**Problem requirements:** After finding the line with "20220108-2021年度(高速收费站)党支部书记抓基层党建述职报告" in the entries below, copy that line and each one after it exactly, through the last line, and omit pictures.

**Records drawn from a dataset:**
::::

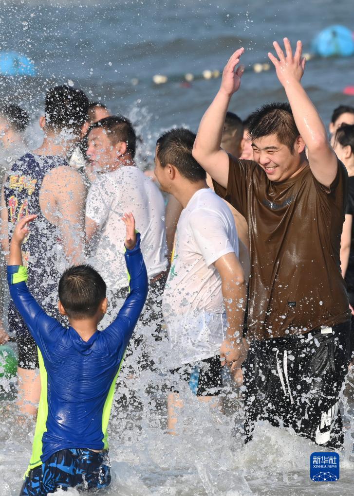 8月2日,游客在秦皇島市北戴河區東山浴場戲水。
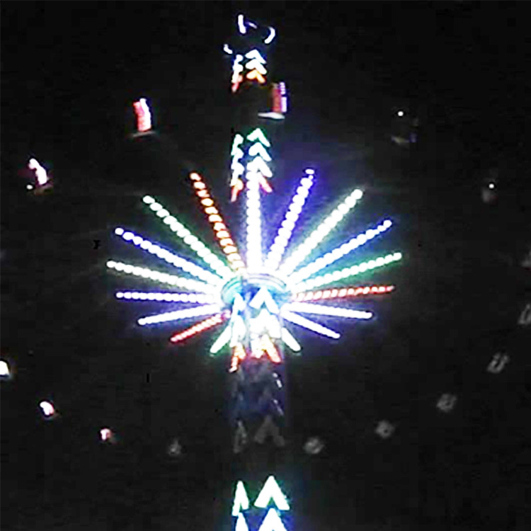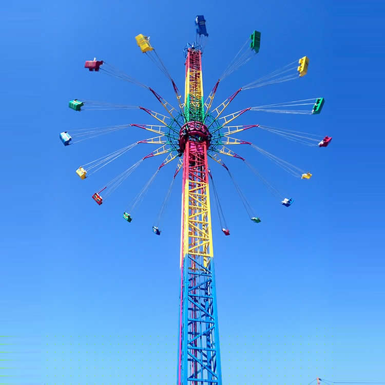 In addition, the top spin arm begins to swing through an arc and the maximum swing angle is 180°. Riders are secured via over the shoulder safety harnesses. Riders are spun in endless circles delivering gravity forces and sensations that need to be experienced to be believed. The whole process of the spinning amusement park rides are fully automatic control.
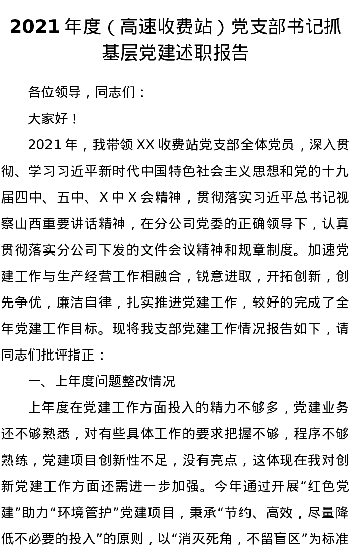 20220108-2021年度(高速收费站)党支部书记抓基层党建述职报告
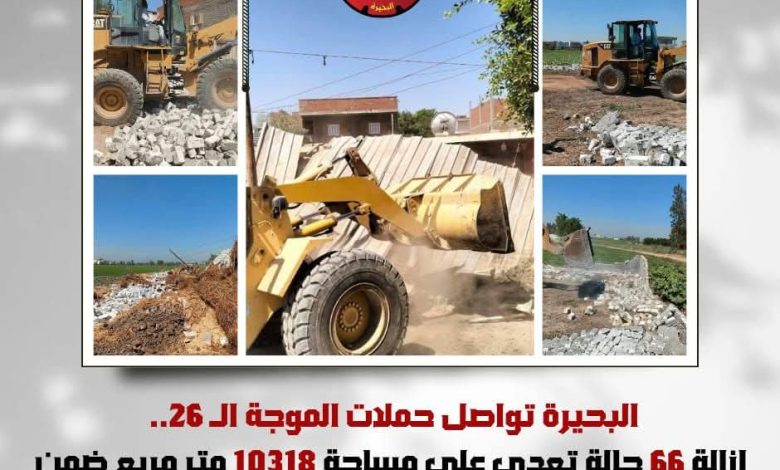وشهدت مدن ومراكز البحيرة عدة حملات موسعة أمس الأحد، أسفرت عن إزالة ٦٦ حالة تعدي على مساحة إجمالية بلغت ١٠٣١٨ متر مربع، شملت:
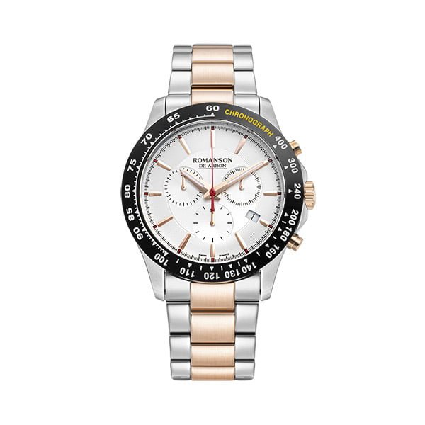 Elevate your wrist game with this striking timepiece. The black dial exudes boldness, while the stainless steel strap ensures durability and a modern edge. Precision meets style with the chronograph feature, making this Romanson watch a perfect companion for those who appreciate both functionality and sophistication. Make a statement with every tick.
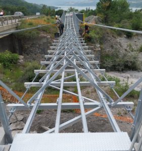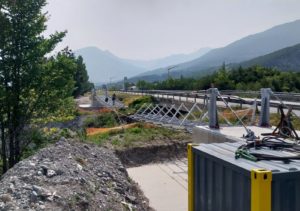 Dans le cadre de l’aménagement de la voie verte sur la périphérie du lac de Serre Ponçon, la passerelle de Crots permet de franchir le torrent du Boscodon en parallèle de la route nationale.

::::

**Result:**
 20220108-2021年度(高速收费站)党支部书记抓基层党建述职报告
وشهدت مدن ومراكز البحيرة عدة حملات موسعة أمس الأحد، أسفرت عن إزالة ٦٦ حالة تعدي على مساحة إجمالية بلغت ١٠٣١٨ متر مربع، شملت:
 Elevate your wrist game with this striking timepiece. The black dial exudes boldness, while the stainless steel strap ensures durability and a modern edge. Precision meets style with the chronograph feature, making this Romanson watch a perfect companion for those who appreciate both functionality and sophistication. Make a statement with every tick.
 Dans le cadre de l’aménagement de la voie verte sur la périphérie du lac de Serre Ponçon, la passerelle de Crots permet de franchir le torrent du Boscodon en parallèle de la route nationale.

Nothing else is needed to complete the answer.